Nothing but the lines from the first line of the records through the line with "In dit boek" should be output, exactly as written and free of pictures.

_Extracted data entries:_
+ + + + +

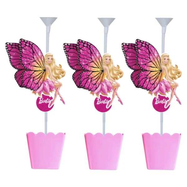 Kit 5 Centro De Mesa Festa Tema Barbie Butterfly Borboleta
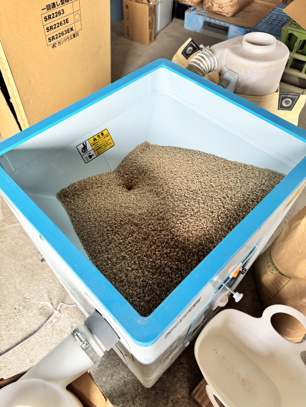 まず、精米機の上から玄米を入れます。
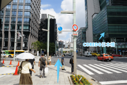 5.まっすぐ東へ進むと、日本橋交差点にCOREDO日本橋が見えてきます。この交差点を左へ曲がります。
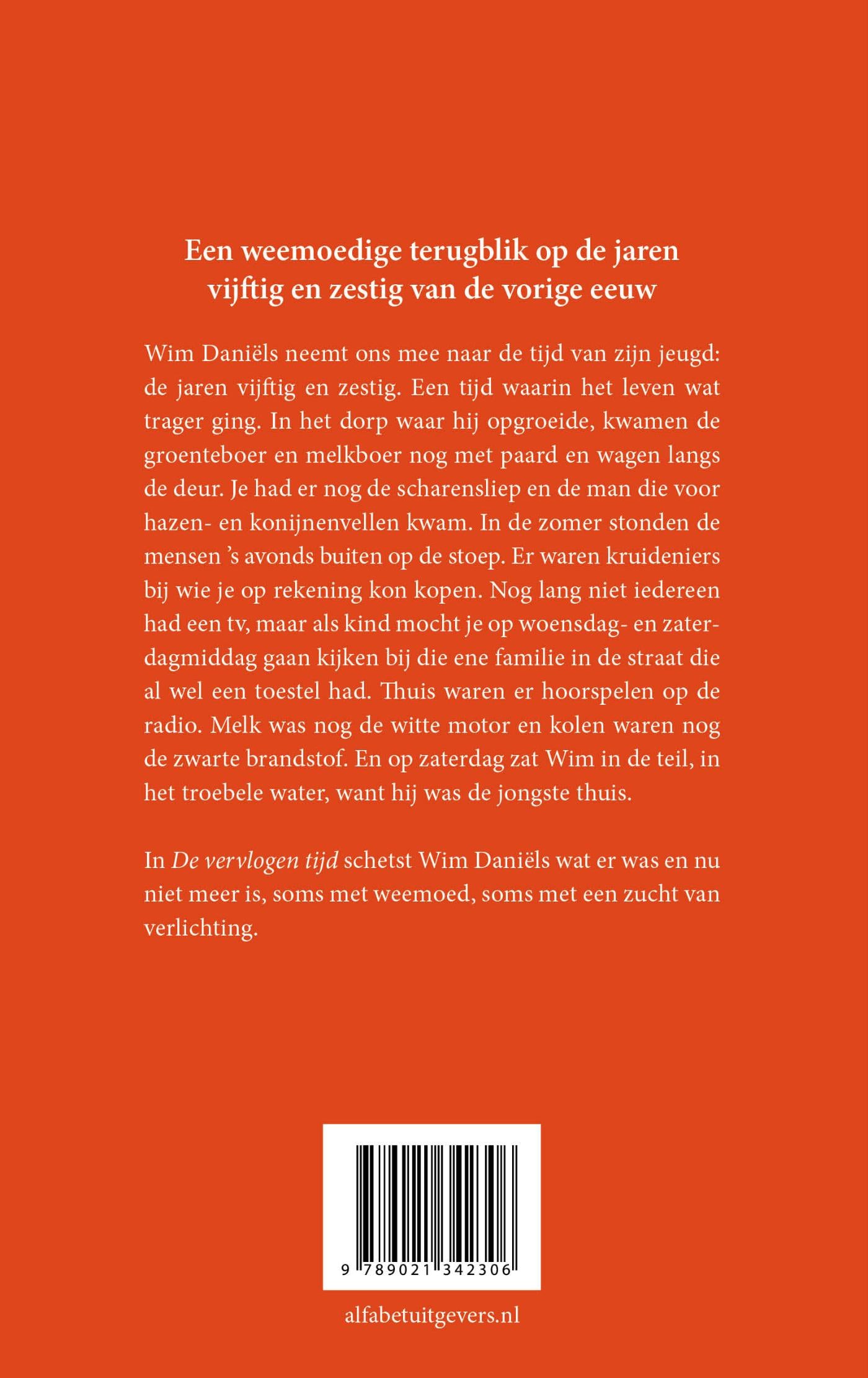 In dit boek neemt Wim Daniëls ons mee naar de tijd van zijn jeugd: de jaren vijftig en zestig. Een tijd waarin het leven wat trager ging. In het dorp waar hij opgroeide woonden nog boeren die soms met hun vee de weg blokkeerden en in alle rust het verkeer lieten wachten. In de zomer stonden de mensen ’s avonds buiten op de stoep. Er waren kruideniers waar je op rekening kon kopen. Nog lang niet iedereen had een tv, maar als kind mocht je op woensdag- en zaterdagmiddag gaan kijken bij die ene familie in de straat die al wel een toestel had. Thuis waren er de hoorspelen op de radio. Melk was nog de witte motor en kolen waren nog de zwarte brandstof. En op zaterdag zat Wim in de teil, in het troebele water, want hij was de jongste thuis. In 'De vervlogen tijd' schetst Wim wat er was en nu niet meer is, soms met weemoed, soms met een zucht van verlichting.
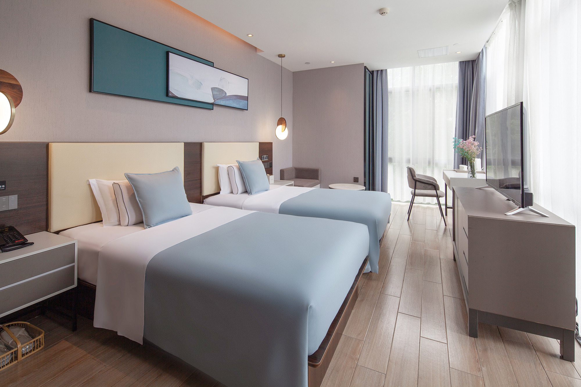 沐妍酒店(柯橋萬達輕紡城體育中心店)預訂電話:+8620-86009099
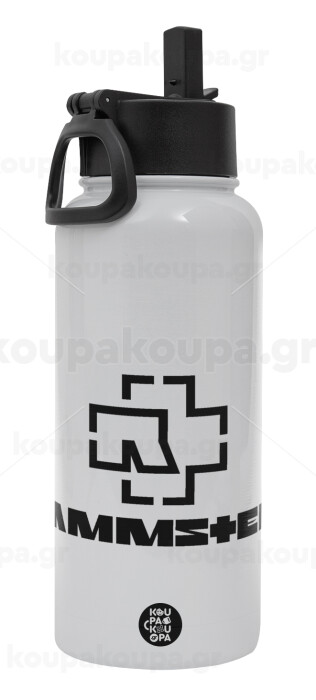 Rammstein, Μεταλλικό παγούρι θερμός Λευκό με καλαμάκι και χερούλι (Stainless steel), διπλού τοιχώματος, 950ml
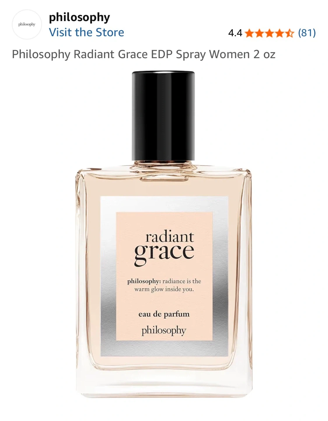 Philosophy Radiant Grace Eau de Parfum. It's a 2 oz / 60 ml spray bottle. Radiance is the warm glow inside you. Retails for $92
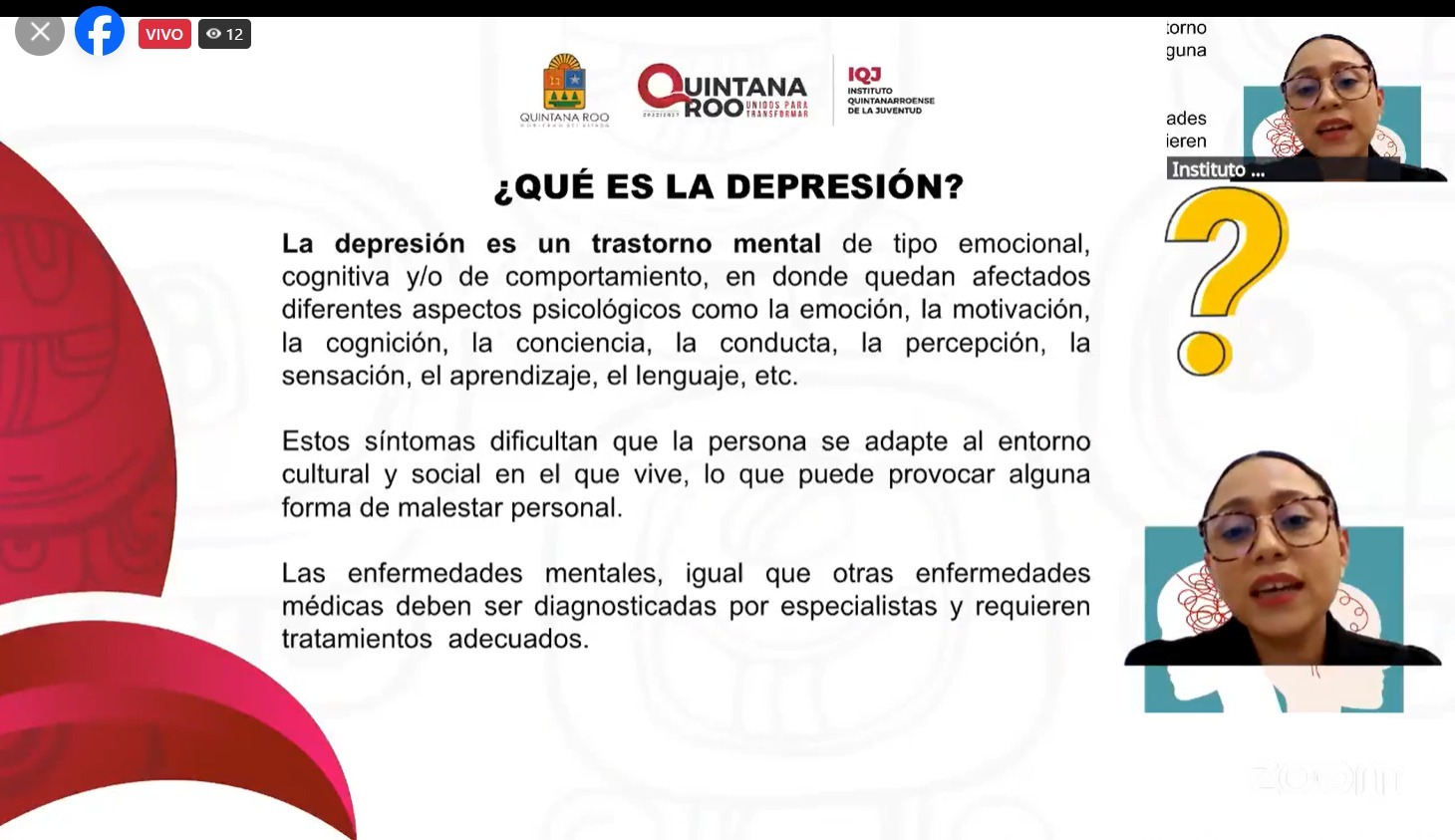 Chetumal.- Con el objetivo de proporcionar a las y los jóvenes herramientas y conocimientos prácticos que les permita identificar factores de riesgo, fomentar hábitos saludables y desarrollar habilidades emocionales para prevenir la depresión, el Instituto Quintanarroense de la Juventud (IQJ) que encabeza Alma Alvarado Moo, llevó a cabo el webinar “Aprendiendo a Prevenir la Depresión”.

+ + + + +

_Problem solution:_
 Kit 5 Centro De Mesa Festa Tema Barbie Butterfly Borboleta
 まず、精米機の上から玄米を入れます。
 5.まっすぐ東へ進むと、日本橋交差点にCOREDO日本橋が見えてきます。この交差点を左へ曲がります。
 In dit boek neemt Wim Daniëls ons mee naar de tijd van zijn jeugd: de jaren vijftig en zestig. Een tijd waarin het leven wat trager ging. In het dorp waar hij opgroeide woonden nog boeren die soms met hun vee de weg blokkeerden en in alle rust het verkeer lieten wachten. In de zomer stonden de mensen ’s avonds buiten op de stoep. Er waren kruideniers waar je op rekening kon kopen. Nog lang niet iedereen had een tv, maar als kind mocht je op woensdag- en zaterdagmiddag gaan kijken bij die ene familie in de straat die al wel een toestel had. Thuis waren er de hoorspelen op de radio. Melk was nog de witte motor en kolen waren nog de zwarte brandstof. En op zaterdag zat Wim in de teil, in het troebele water, want hij was de jongste thuis. In 'De vervlogen tijd' schetst Wim wat er was en nu niet meer is, soms met weemoed, soms met een zucht van verlichting.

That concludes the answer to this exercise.